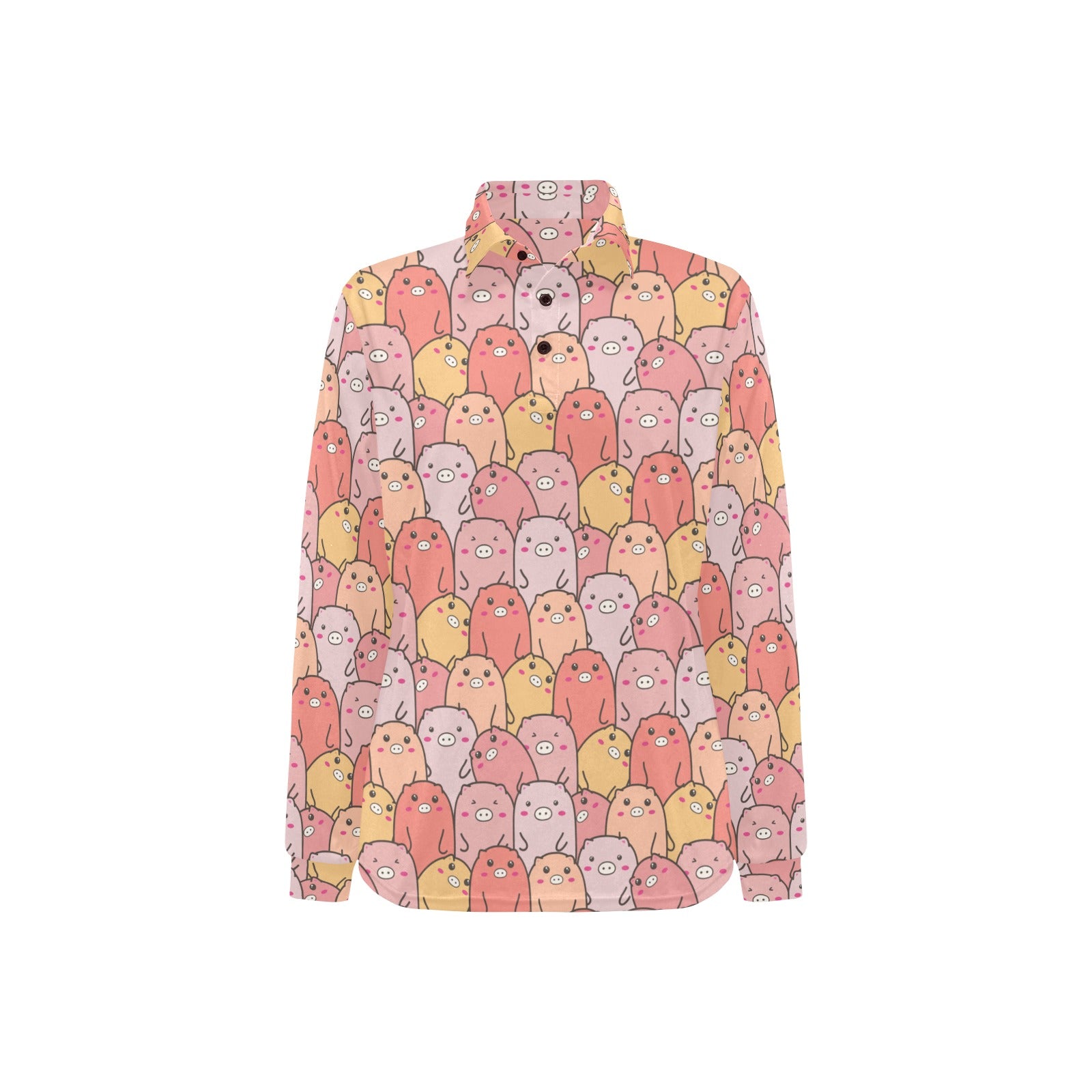 Pig Pattern Print Design 04 Women's Long Sleeve Polo Shirt
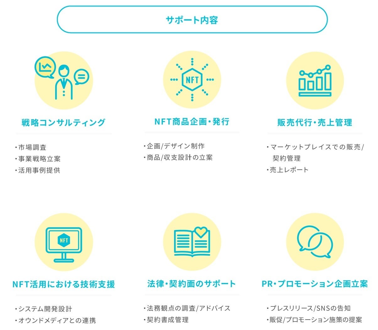 CDGは、幅広いライセンスホルダーとのネットワークに加え、ライセンス管理やコンテンツ開発における豊富な実績を活かし、今後もコンテンツの価値をさらに高められるようなNFTの企画、戦略コンサルから技術的支援、販売そして法務関連の支援までワンストップで幅広く対応しております。
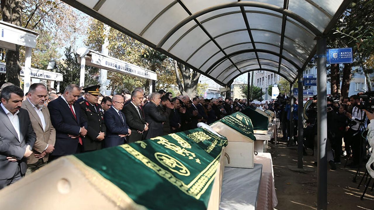 Bursa'da dün gece yaşanan yangın faciasında hayatını kaybeden 8'i çocuk 9 kişi İçişleri Bakanı Süleyman Soylu'nun da katıldığı cenaze namazanın ardından son yolculuğuna uğurlandı. Suriyeli ailenin yakınları yanyana dizilen tabutların başında gözyaşı döktüler. İçişleri Bakanı Süleyman Soylu, yangında eşi ve 6 çocuğunu kaybeden kağıt toplayıcısı Hüseyin El Cesim'e sarılarak teselli etmeye çalıştı. Dün gece merkez Yıldırım İlçesi Değirmenönü Mahallesi'nde sobadan çıktığı ifade edilen yangında 30 yaşındaki Amine El Cesim, yaşları 1 ile 11 arasında değişen 6 çocuğu ve 2 yeğeninin cenazeleri Adli Tıp Kurumu'nda otopsi işlemlerinin ardından Mihraplı Camisi'ne getirildi. Tabutlar yan yana konulduğunda El Cesim ailesinin fertleri gözyaşlarına boğuldular. Yakınları tabuta sarılınca ortaya hüzünlü görüntüler çıktı. Ankara'dan helikopterle Bursa'ya gelen İçişleri Bakanı Süleyman Soylu da Mihraplı Camisi'ndeki cenaze törenine katıldı. Bakan Soylu, kağıt toplayarak geçimini sağlayan 32 yaşındaki baba Hüseyin El Cesim'e sarılarak teselli etmeye çalıştı. Cenaze törenine Bakan Soylu ile birlikte Bursa Valisi Yakup Canbolat, Bursa Büyükşehir Belediye Başkanı Alinur Aktaş, Yıldırım Belediye Başkanı Oktay Yılmaz, Bursa Cumhuriyet Başsavcısı Ramazan Solmaz, Bursa Emniyet Müdürü Tacettin Aslan da katıldı. Öğle namazına müteakip kılınan cenaze namazlarının ardından El Cesim ailesinin fertlerinin naaşları toprağa verilmek üzere Erdoğanköy Şehir Mezarlığı'na götürüldü. Olayda hayatını kaybeden Suriyeli 8 çocuğun olaydan bir süre önce mutlu günlerinde çektirdikleri fotoğraflar da görenlerin yüreğini burktu. (İHA)
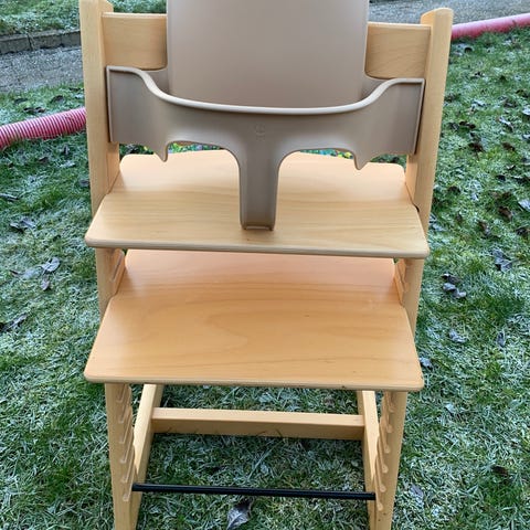 Trip Trap stol med strop Bøjle & Rygstykke samt Hyndesæt som er vasket.🧽
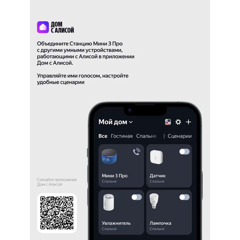Умная колонка Яндекс Станция Мини 3 Про с Алисой, Zigbee, синий ( YNDX00059BLU) / 4dealer.ru
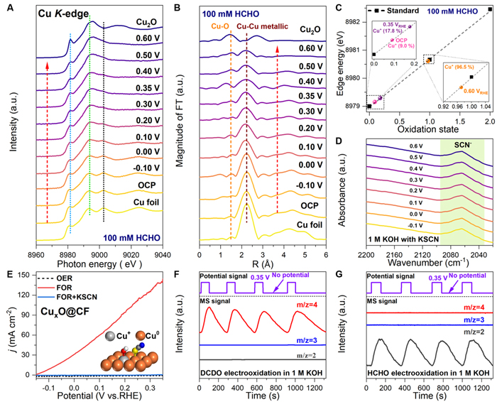 接着,团队利用原位同步辐射吸收谱、原位红外结合毒化实验和原位微分电化学质谱共同证实了Cu0和Cu+活性位点在FOR过程中存在且具有协同效应(图7)。
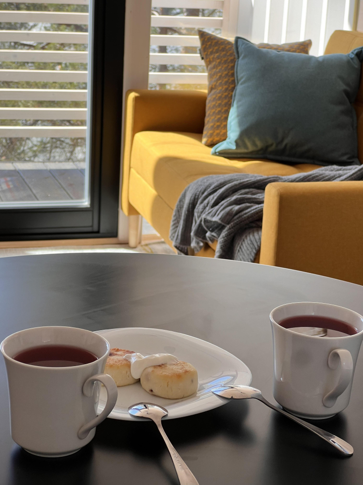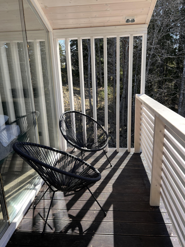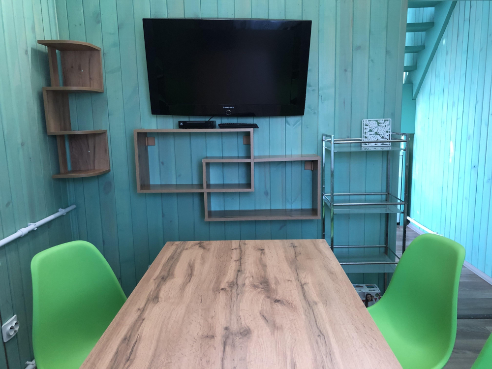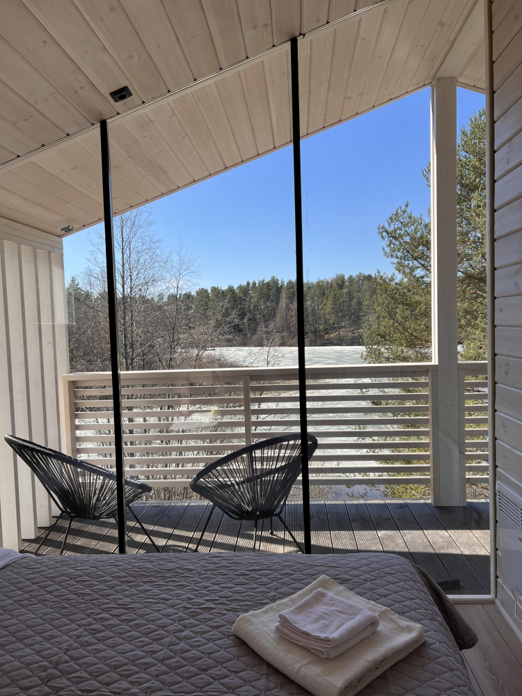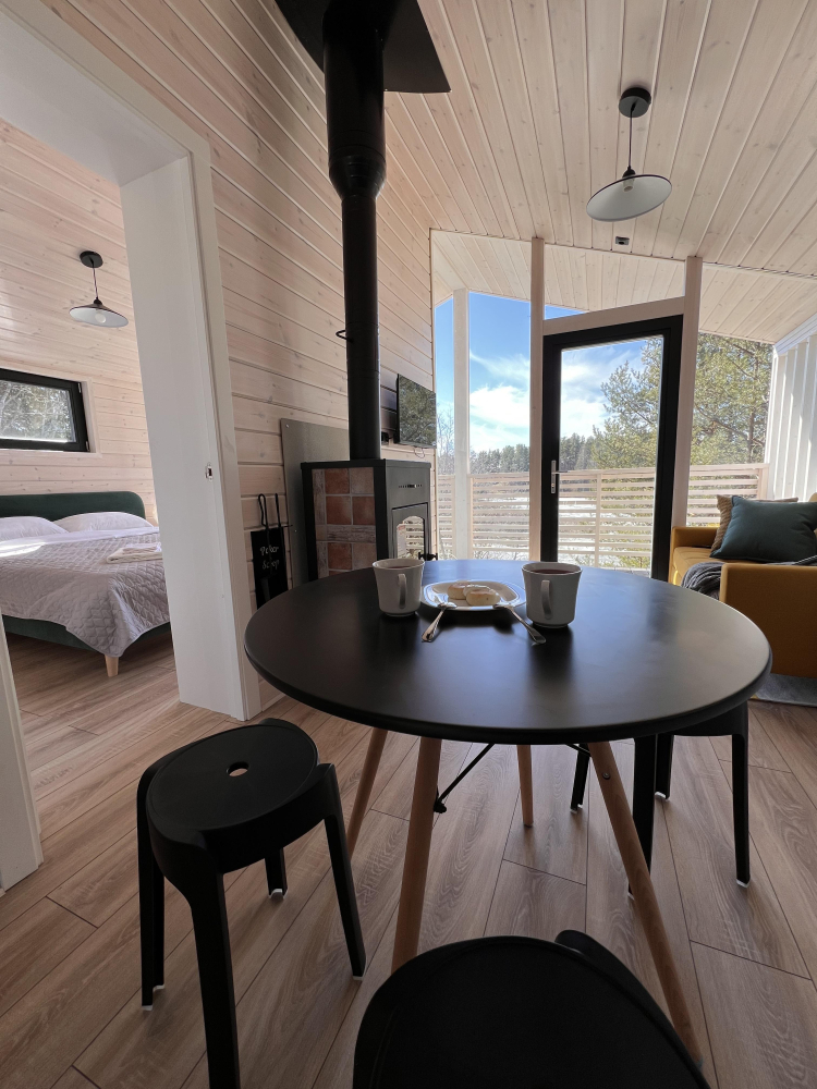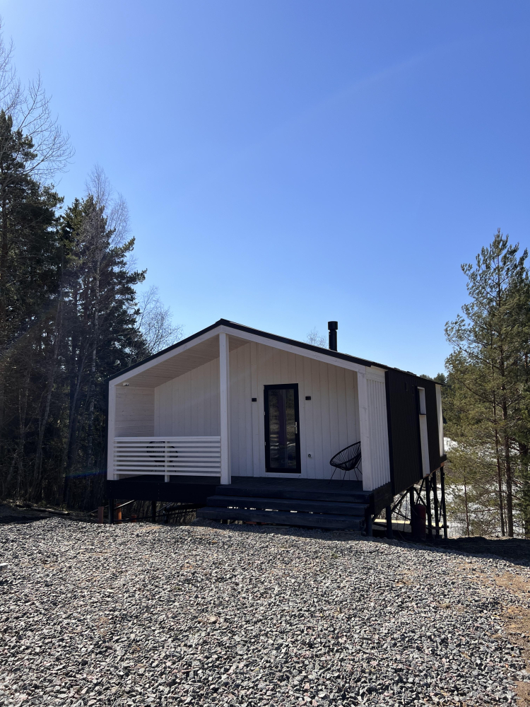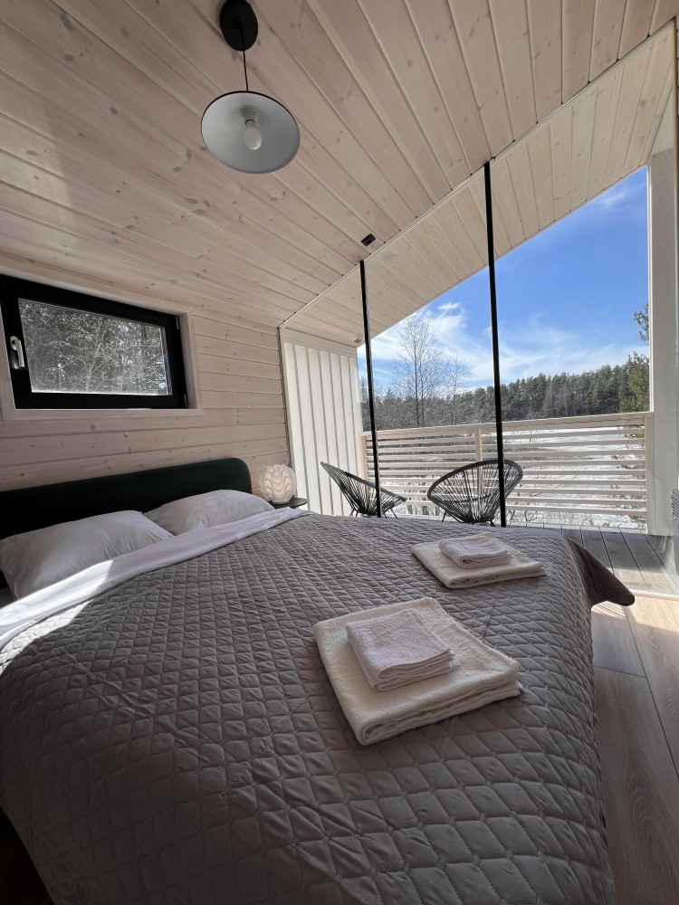 - Каждый дом оборудован для комфортного проживания: камин, веранда, большие окна с видом на озеро.
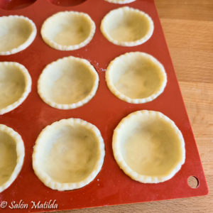 - Alle Förmchen mit Teig auslegen und gut andrücken. Dabei zügig arbeiten und Teig und Förmchen gegebenenfalls immer mal wieder runterkühlen.

**Work to be completed**
Reproduce all lines above exactly. Leave the images out.

**Answer box**
 Pig Pattern Print Design 04 Women's Long Sleeve Polo Shirt
 CDGは、幅広いライセンスホルダーとのネットワークに加え、ライセンス管理やコンテンツ開発における豊富な実績を活かし、今後もコンテンツの価値をさらに高められるようなNFTの企画、戦略コンサルから技術的支援、販売そして法務関連の支援までワンストップで幅広く対応しております。
 Bursa'da dün gece yaşanan yangın faciasında hayatını kaybeden 8'i çocuk 9 kişi İçişleri Bakanı Süleyman Soylu'nun da katıldığı cenaze namazanın ardından son yolculuğuna uğurlandı. Suriyeli ailenin yakınları yanyana dizilen tabutların başında gözyaşı döktüler. İçişleri Bakanı Süleyman Soylu, yangında eşi ve 6 çocuğunu kaybeden kağıt toplayıcısı Hüseyin El Cesim'e sarılarak teselli etmeye çalıştı. Dün gece merkez Yıldırım İlçesi Değirmenönü Mahallesi'nde sobadan çıktığı ifade edilen yangında 30 yaşındaki Amine El Cesim, yaşları 1 ile 11 arasında değişen 6 çocuğu ve 2 yeğeninin cenazeleri Adli Tıp Kurumu'nda otopsi işlemlerinin ardından Mihraplı Camisi'ne getirildi. Tabutlar yan yana konulduğunda El Cesim ailesinin fertleri gözyaşlarına boğuldular. Yakınları tabuta sarılınca ortaya hüzünlü görüntüler çıktı. Ankara'dan helikopterle Bursa'ya gelen İçişleri Bakanı Süleyman Soylu da Mihraplı Camisi'ndeki cenaze törenine katıldı. Bakan Soylu, kağıt toplayarak geçimini sağlayan 32 yaşındaki baba Hüseyin El Cesim'e sarılarak teselli etmeye çalıştı. Cenaze törenine Bakan Soylu ile birlikte Bursa Valisi Yakup Canbolat, Bursa Büyükşehir Belediye Başkanı Alinur Aktaş, Yıldırım Belediye Başkanı Oktay Yılmaz, Bursa Cumhuriyet Başsavcısı Ramazan Solmaz, Bursa Emniyet Müdürü Tacettin Aslan da katıldı. Öğle namazına müteakip kılınan cenaze namazlarının ardından El Cesim ailesinin fertlerinin naaşları toprağa verilmek üzere Erdoğanköy Şehir Mezarlığı'na götürüldü. Olayda hayatını kaybeden Suriyeli 8 çocuğun olaydan bir süre önce mutlu günlerinde çektirdikleri fotoğraflar da görenlerin yüreğini burktu. (İHA)
 Trip Trap stol med strop Bøjle & Rygstykke samt Hyndesæt som er vasket.🧽
Умная колонка Яндекс Станция Мини 3 Про с Алисой, Zigbee, синий ( YNDX00059BLU) / 4dealer.ru
 接着,团队利用原位同步辐射吸收谱、原位红外结合毒化实验和原位微分电化学质谱共同证实了Cu0和Cu+活性位点在FOR过程中存在且具有协同效应(图7)。
 - Каждый дом оборудован для комфортного проживания: камин, веранда, большие окна с видом на озеро.
 - Alle Förmchen mit Teig auslegen und gut andrücken. Dabei zügig arbeiten und Teig und Förmchen gegebenenfalls immer mal wieder runterkühlen.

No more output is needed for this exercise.